Records from a dataset:
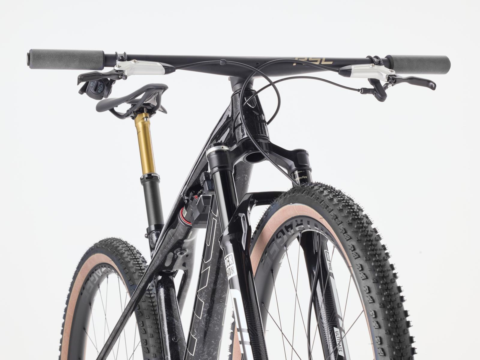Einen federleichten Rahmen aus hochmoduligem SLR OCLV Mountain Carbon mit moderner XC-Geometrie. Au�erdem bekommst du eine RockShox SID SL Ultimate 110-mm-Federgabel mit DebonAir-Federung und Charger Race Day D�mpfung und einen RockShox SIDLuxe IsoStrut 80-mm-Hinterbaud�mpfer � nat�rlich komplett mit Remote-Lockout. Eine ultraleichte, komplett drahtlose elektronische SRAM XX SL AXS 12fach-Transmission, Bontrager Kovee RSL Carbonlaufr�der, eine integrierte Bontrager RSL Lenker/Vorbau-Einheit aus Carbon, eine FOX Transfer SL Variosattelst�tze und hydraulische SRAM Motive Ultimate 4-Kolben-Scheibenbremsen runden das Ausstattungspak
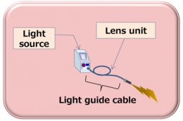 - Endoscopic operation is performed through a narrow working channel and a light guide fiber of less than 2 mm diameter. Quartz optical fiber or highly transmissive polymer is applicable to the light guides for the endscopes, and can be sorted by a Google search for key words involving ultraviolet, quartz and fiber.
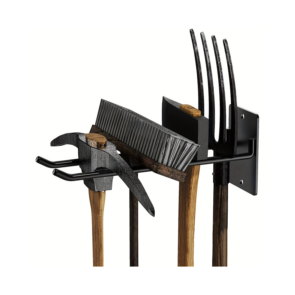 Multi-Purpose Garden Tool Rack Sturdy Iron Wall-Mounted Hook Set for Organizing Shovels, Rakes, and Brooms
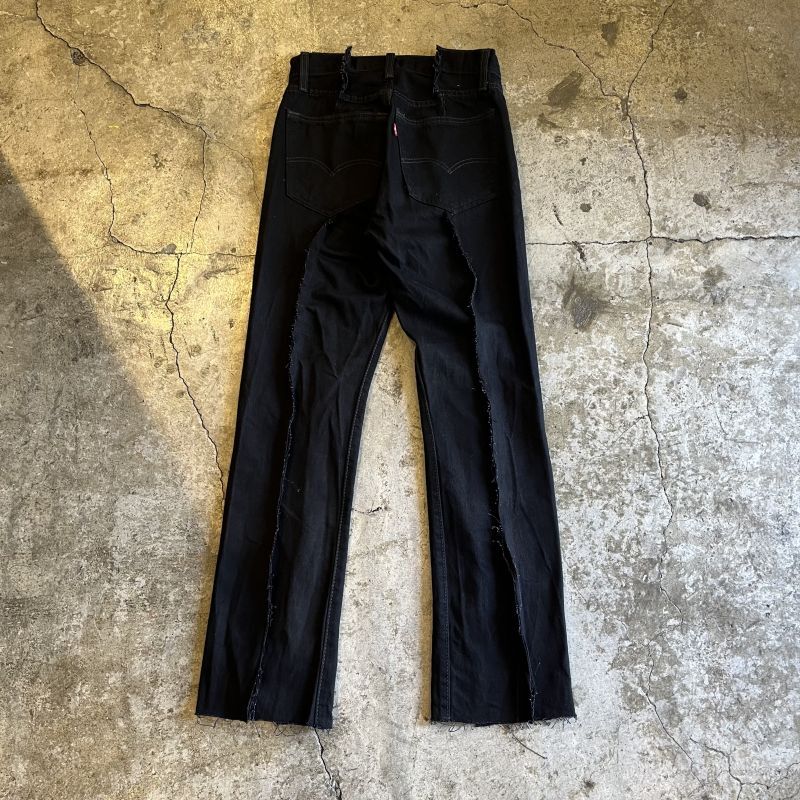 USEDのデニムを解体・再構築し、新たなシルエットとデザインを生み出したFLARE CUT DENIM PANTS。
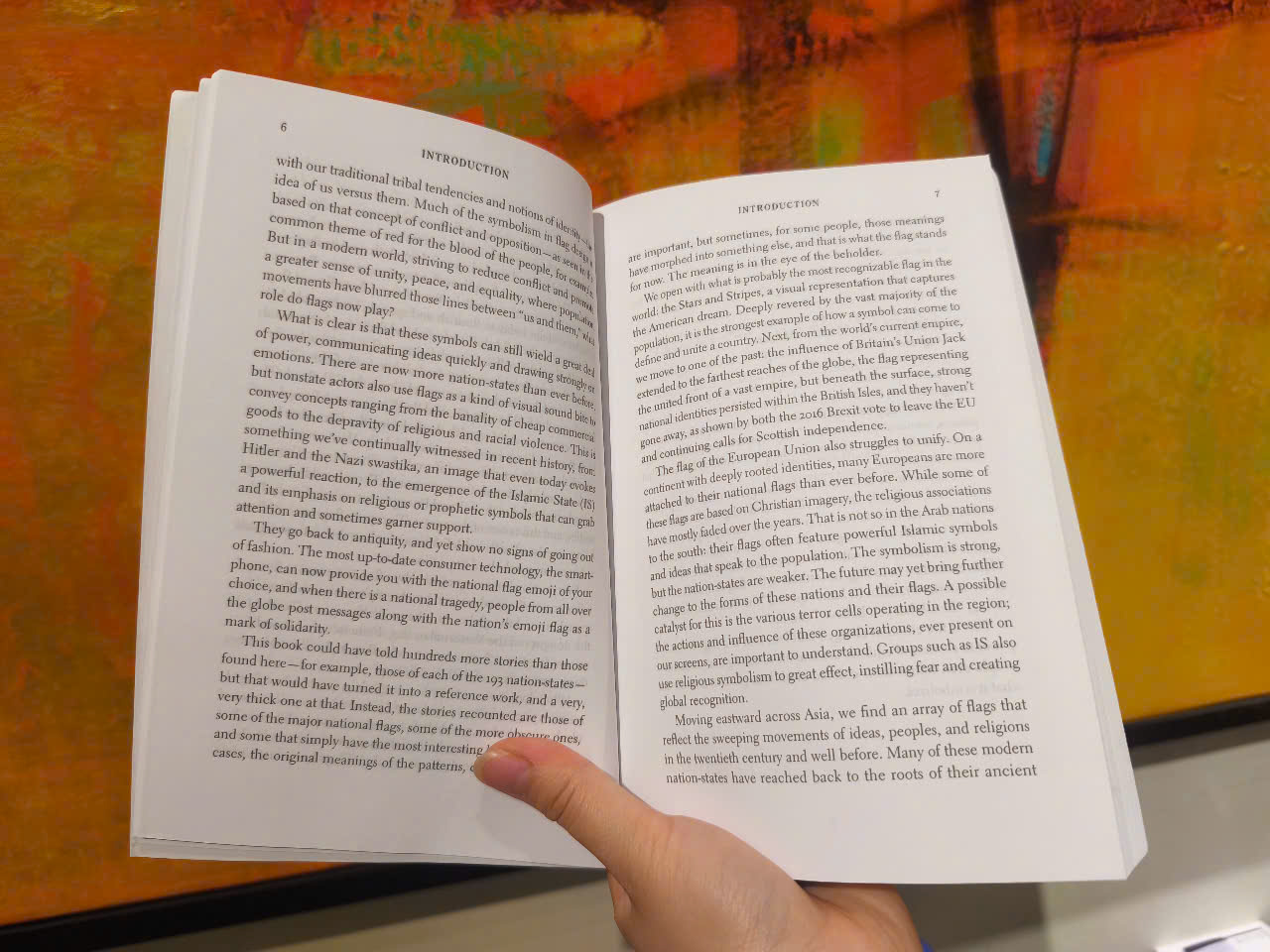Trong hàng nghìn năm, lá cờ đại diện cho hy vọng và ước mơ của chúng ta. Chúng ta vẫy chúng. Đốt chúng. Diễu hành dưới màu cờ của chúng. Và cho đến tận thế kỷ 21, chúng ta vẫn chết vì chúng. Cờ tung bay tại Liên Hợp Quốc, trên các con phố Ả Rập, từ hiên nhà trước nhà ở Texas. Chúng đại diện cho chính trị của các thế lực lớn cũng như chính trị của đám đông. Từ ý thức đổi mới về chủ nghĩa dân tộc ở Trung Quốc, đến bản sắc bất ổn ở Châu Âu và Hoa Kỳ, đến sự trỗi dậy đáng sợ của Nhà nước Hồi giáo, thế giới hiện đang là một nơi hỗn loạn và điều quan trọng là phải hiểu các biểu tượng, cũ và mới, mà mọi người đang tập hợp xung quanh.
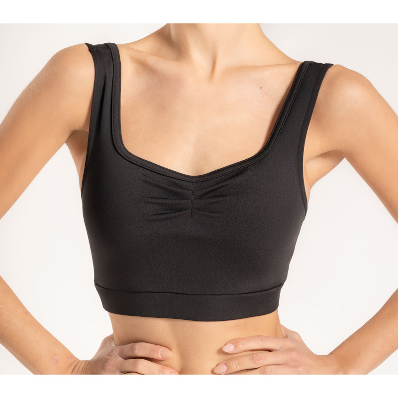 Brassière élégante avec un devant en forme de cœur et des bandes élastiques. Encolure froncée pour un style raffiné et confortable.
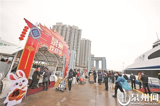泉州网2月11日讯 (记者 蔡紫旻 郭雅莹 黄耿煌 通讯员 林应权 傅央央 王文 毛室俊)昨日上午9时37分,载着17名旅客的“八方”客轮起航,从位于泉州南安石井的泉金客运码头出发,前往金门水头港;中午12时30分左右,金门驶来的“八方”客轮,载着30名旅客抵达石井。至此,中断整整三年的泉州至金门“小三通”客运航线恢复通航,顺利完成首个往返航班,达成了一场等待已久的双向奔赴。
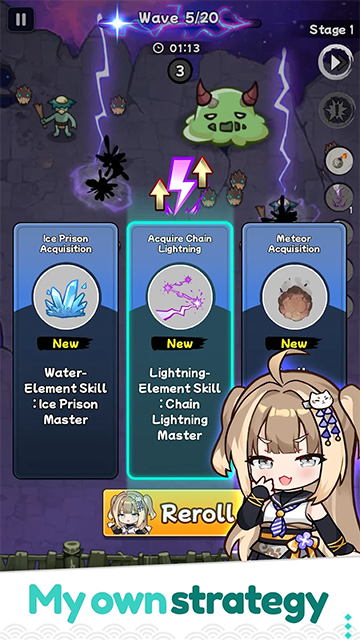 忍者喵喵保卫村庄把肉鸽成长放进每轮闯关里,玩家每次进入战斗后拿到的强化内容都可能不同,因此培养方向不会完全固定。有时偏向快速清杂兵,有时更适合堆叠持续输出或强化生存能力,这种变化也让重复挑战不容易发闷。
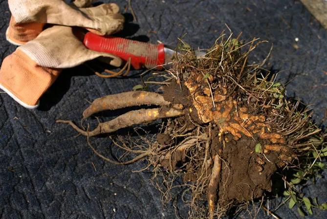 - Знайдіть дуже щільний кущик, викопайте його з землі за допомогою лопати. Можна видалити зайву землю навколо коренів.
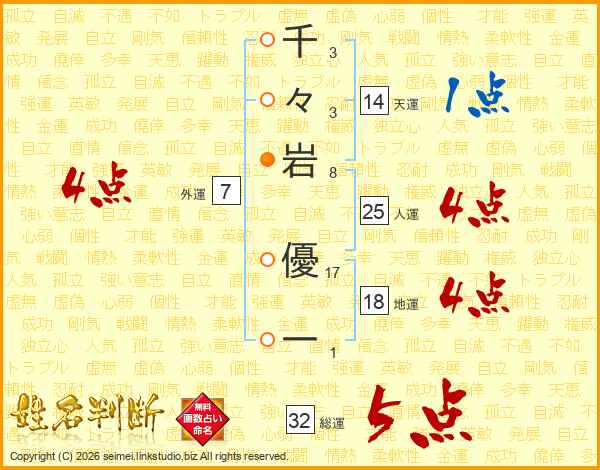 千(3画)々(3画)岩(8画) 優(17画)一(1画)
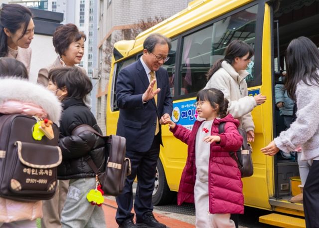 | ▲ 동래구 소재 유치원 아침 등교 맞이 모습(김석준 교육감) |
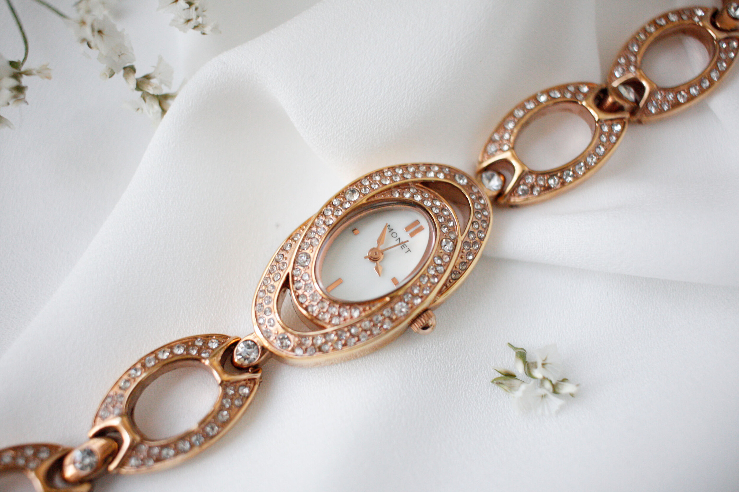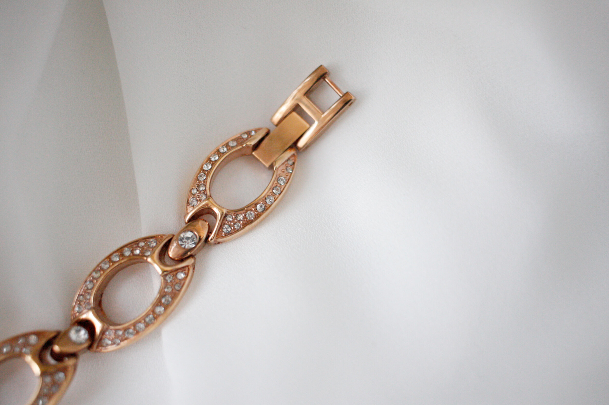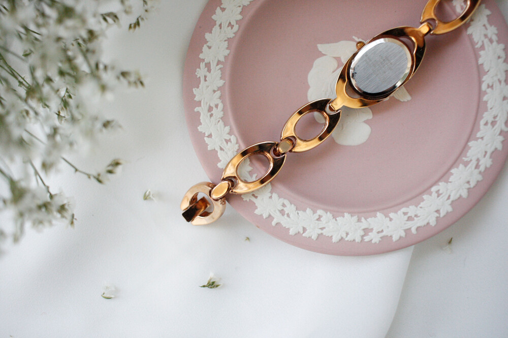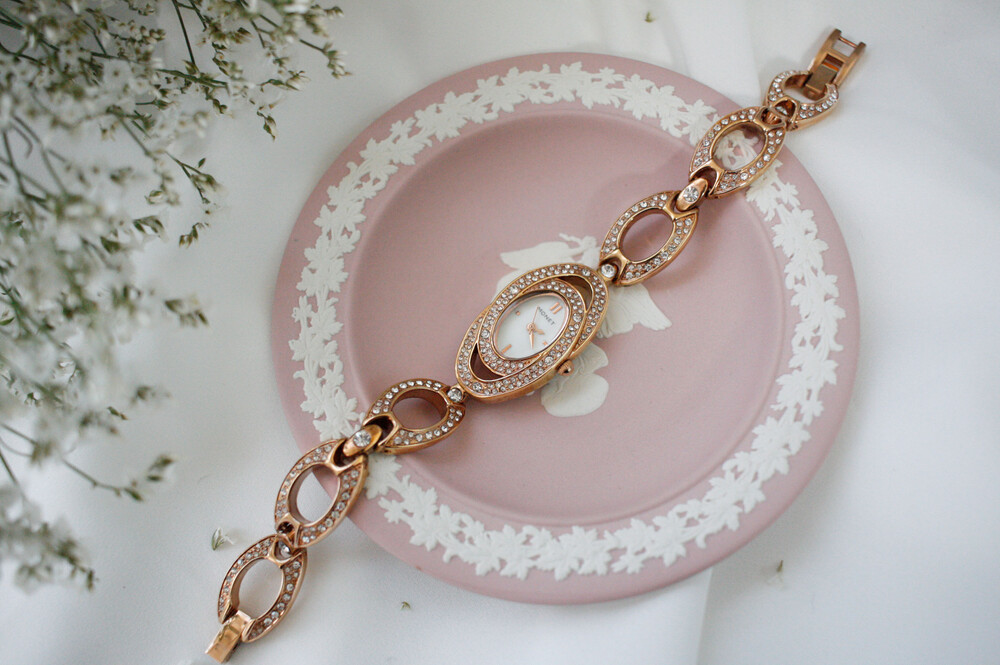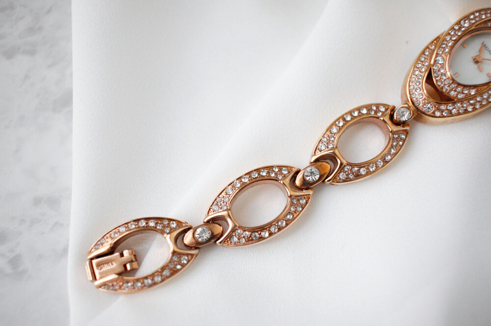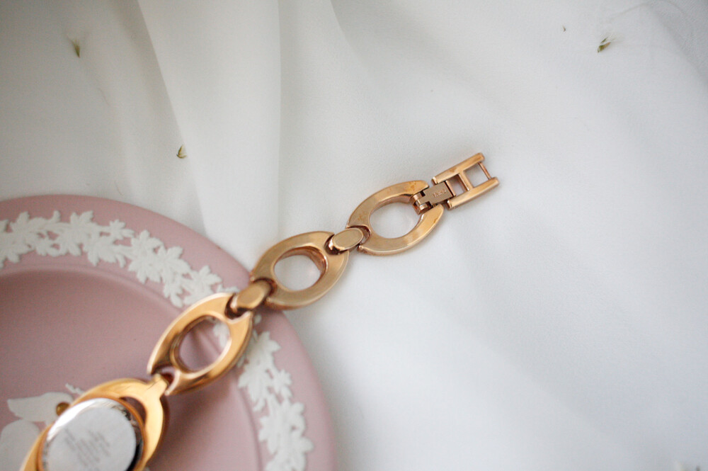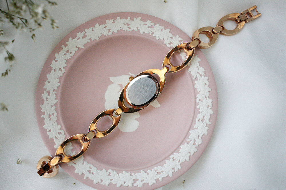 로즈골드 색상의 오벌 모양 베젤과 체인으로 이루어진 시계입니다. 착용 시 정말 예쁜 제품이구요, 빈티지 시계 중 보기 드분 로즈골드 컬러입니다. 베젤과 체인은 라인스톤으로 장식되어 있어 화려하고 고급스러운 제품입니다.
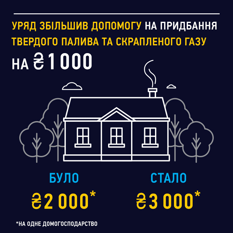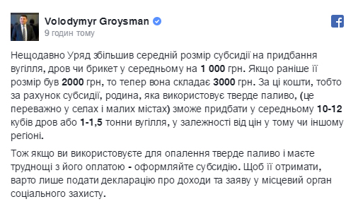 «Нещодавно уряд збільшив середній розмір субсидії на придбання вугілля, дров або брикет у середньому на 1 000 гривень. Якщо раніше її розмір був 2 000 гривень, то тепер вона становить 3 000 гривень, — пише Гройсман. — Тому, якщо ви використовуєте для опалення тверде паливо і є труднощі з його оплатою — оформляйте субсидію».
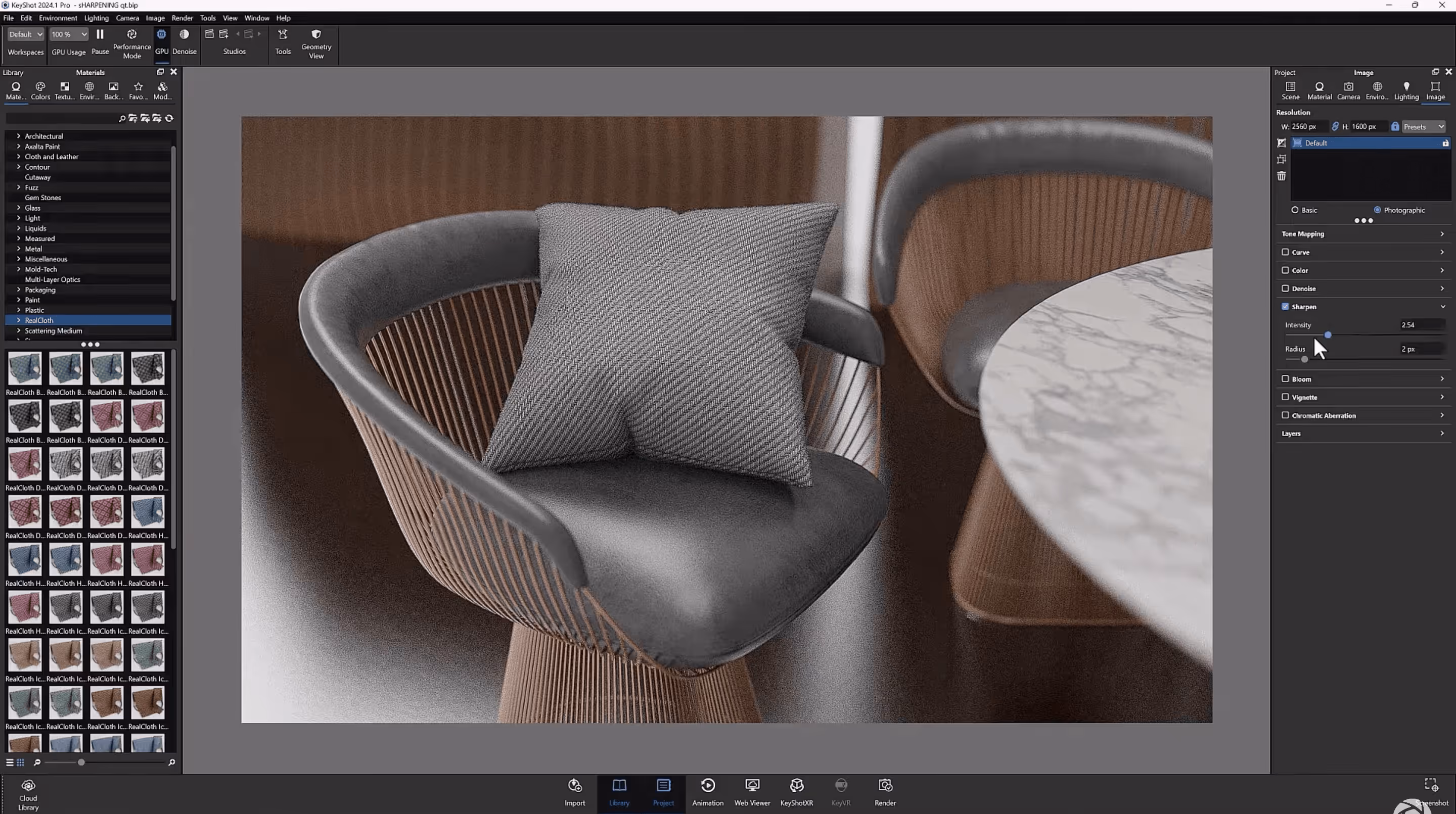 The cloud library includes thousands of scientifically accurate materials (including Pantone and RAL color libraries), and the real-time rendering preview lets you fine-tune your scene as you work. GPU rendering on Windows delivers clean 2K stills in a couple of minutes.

Exercise requirements => Output each line of the records exactly. Any picture is skipped.

Response =>
Einen federleichten Rahmen aus hochmoduligem SLR OCLV Mountain Carbon mit moderner XC-Geometrie. Au�erdem bekommst du eine RockShox SID SL Ultimate 110-mm-Federgabel mit DebonAir-Federung und Charger Race Day D�mpfung und einen RockShox SIDLuxe IsoStrut 80-mm-Hinterbaud�mpfer � nat�rlich komplett mit Remote-Lockout. Eine ultraleichte, komplett drahtlose elektronische SRAM XX SL AXS 12fach-Transmission, Bontrager Kovee RSL Carbonlaufr�der, eine integrierte Bontrager RSL Lenker/Vorbau-Einheit aus Carbon, eine FOX Transfer SL Variosattelst�tze und hydraulische SRAM Motive Ultimate 4-Kolben-Scheibenbremsen runden das Ausstattungspak
 - Endoscopic operation is performed through a narrow working channel and a light guide fiber of less than 2 mm diameter. Quartz optical fiber or highly transmissive polymer is applicable to the light guides for the endscopes, and can be sorted by a Google search for key words involving ultraviolet, quartz and fiber.
 Multi-Purpose Garden Tool Rack Sturdy Iron Wall-Mounted Hook Set for Organizing Shovels, Rakes, and Brooms
 USEDのデニムを解体・再構築し、新たなシルエットとデザインを生み出したFLARE CUT DENIM PANTS。
Trong hàng nghìn năm, lá cờ đại diện cho hy vọng và ước mơ của chúng ta. Chúng ta vẫy chúng. Đốt chúng. Diễu hành dưới màu cờ của chúng. Và cho đến tận thế kỷ 21, chúng ta vẫn chết vì chúng. Cờ tung bay tại Liên Hợp Quốc, trên các con phố Ả Rập, từ hiên nhà trước nhà ở Texas. Chúng đại diện cho chính trị của các thế lực lớn cũng như chính trị của đám đông. Từ ý thức đổi mới về chủ nghĩa dân tộc ở Trung Quốc, đến bản sắc bất ổn ở Châu Âu và Hoa Kỳ, đến sự trỗi dậy đáng sợ của Nhà nước Hồi giáo, thế giới hiện đang là một nơi hỗn loạn và điều quan trọng là phải hiểu các biểu tượng, cũ và mới, mà mọi người đang tập hợp xung quanh.
 Brassière élégante avec un devant en forme de cœur et des bandes élastiques. Encolure froncée pour un style raffiné et confortable.
泉州网2月11日讯 (记者 蔡紫旻 郭雅莹 黄耿煌 通讯员 林应权 傅央央 王文 毛室俊)昨日上午9时37分,载着17名旅客的“八方”客轮起航,从位于泉州南安石井的泉金客运码头出发,前往金门水头港;中午12时30分左右,金门驶来的“八方”客轮,载着30名旅客抵达石井。至此,中断整整三年的泉州至金门“小三通”客运航线恢复通航,顺利完成首个往返航班,达成了一场等待已久的双向奔赴。
 忍者喵喵保卫村庄把肉鸽成长放进每轮闯关里,玩家每次进入战斗后拿到的强化内容都可能不同,因此培养方向不会完全固定。有时偏向快速清杂兵,有时更适合堆叠持续输出或强化生存能力,这种变化也让重复挑战不容易发闷。
 - Знайдіть дуже щільний кущик, викопайте його з землі за допомогою лопати. Можна видалити зайву землю навколо коренів.
 千(3画)々(3画)岩(8画) 優(17画)一(1画)
 | ▲ 동래구 소재 유치원 아침 등교 맞이 모습(김석준 교육감) |
 로즈골드 색상의 오벌 모양 베젤과 체인으로 이루어진 시계입니다. 착용 시 정말 예쁜 제품이구요, 빈티지 시계 중 보기 드분 로즈골드 컬러입니다. 베젤과 체인은 라인스톤으로 장식되어 있어 화려하고 고급스러운 제품입니다.
 «Нещодавно уряд збільшив середній розмір субсидії на придбання вугілля, дров або брикет у середньому на 1 000 гривень. Якщо раніше її розмір був 2 000 гривень, то тепер вона становить 3 000 гривень, — пише Гройсман. — Тому, якщо ви використовуєте для опалення тверде паливо і є труднощі з його оплатою — оформляйте субсидію».
 The cloud library includes thousands of scientifically accurate materials (including Pantone and RAL color libraries), and the real-time rendering preview lets you fine-tune your scene as you work. GPU rendering on Windows delivers clean 2K stills in a couple of minutes.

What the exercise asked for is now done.